2. Point out that “recruiting people with lots of career capital” may be comparable to “acquiring career capital” as a strategy to maximize impact. Of course, the latter makes the former easier, if you actually succeed, but it also takes more time.
On point (2): What fraction of the money/social capital EA will someday acquire “already exists”? Is our future going to look more like “lots of EA people succeeded”, or “lots of successful people found EA”?
Historically, both strategies seem to have worked for different social movements; the most successful neoliberals grew into their influence, while the Fabian Society relied on recruiting top talent. (I’m not a history expert, and this could be far too simple.)
--
One concern I have about the “maximize career capital” strategy is that it has tricky social implications; it’s easy for a “most people should do X” message to become “everyone who doesn’t do X is wrong”, as Richard points out. But career capital acquisition doesn’t lead to as much direct competition between EAs, and could produce more skill-per-person in the process, so perhaps it’s actually just better for most people.

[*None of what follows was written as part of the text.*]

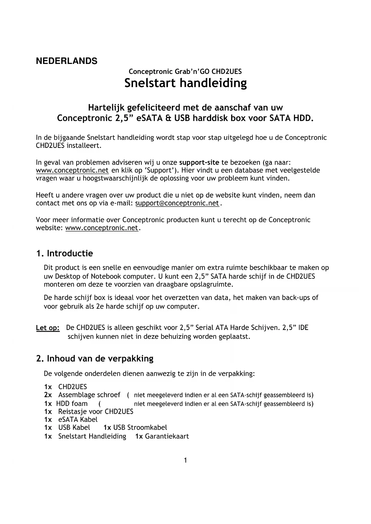 Type 2,5” USB/eSATA HDD Produit CHD2UES Enseigne Conceptronic

Some of my difficulty in grasping the big picture for the community as a whole is that I don’t have a sense for what early-career EAs are actually working on. Sometimes, it feels like everyone is a grad student or FAANG programmer (not much potential for outsize returns). At other times, it feels like everyone is trying to start a company or a charity (lots of potential, lots of risk).
Is there any specific path you think not enough people in the community are taking from a “big wins early” perspective? Joining startups? Studying a particular field?
--
Finally, on the subject of risk, I think I’m going to take this comment and turn it into a post. (Brief summary: Someday, when we look back on the impact of EA, we’ll have a good sense for whose work was “most impactful”, but that shouldn’t matter nearly as much to our future selves as the fact that many unsuccessful people still tried their best to do good, and were also part of the movement’s “grand story”.) I hope we keep respecting good strategy and careful thinking, whether those things are attached to high-risk or low-risk pursuits.
I don’t have enough data to know if there are specific paths not enough people are taking, but I’m pretty certain there’s a question that not enough people are asking within the paths they’re taking: how is what I’m doing *right now* going to lead to a 10x/100x/1,000x win, in expectation? What’s the Move 37 I’m making, that nobody else is seeing? This mentality that can be applied in pretty much any career path.
Note that your argument here is roughly Ben Pace’s position in this post which we co-wrote. I argued against Ben’s position in the post because I thought it was too extreme, but I agree with both of you that most EAs aren’t going far enough in that direction.